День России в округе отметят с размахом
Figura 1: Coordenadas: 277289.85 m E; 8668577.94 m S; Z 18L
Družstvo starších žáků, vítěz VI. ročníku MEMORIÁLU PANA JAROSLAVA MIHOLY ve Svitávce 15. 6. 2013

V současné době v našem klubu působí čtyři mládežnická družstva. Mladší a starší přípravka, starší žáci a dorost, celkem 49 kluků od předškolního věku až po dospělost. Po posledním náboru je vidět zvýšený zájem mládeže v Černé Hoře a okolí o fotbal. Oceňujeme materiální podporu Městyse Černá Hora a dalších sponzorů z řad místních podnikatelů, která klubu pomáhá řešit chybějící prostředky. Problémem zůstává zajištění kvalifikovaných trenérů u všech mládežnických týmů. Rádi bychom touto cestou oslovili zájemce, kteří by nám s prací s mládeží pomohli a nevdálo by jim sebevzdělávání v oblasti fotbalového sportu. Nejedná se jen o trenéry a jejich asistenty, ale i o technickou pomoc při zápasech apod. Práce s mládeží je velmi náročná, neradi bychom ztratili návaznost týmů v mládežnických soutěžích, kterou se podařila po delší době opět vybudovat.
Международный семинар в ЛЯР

• • •

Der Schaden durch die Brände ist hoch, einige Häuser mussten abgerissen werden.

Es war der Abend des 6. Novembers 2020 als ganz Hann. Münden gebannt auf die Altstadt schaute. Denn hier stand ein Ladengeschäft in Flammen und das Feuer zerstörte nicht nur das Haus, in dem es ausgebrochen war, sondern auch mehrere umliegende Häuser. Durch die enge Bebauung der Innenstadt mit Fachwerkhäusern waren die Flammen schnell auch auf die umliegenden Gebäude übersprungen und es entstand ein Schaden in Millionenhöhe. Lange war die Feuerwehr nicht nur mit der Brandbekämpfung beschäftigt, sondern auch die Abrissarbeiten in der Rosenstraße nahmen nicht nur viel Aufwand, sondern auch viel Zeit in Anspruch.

• • •

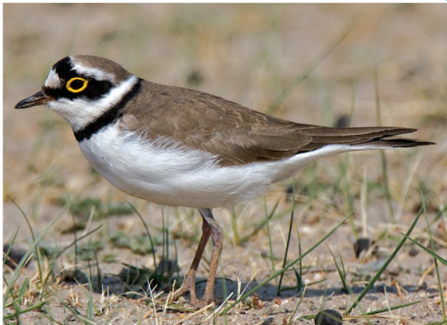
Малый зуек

• • •

**Task to carry out:** Which lines above run from the one containing "Der Schaden durch" down to the one containing "Es war der Abend"? Repeat exactly those, both ends included, and nothing else.

**Solution to the exercise:**
Der Schaden durch die Brände ist hoch, einige Häuser mussten abgerissen werden.

Es war der Abend des 6. Novembers 2020 als ganz Hann. Münden gebannt auf die Altstadt schaute. Denn hier stand ein Ladengeschäft in Flammen und das Feuer zerstörte nicht nur das Haus, in dem es ausgebrochen war, sondern auch mehrere umliegende Häuser. Durch die enge Bebauung der Innenstadt mit Fachwerkhäusern waren die Flammen schnell auch auf die umliegenden Gebäude übersprungen und es entstand ein Schaden in Millionenhöhe. Lange war die Feuerwehr nicht nur mit der Brandbekämpfung beschäftigt, sondern auch die Abrissarbeiten in der Rosenstraße nahmen nicht nur viel Aufwand, sondern auch viel Zeit in Anspruch.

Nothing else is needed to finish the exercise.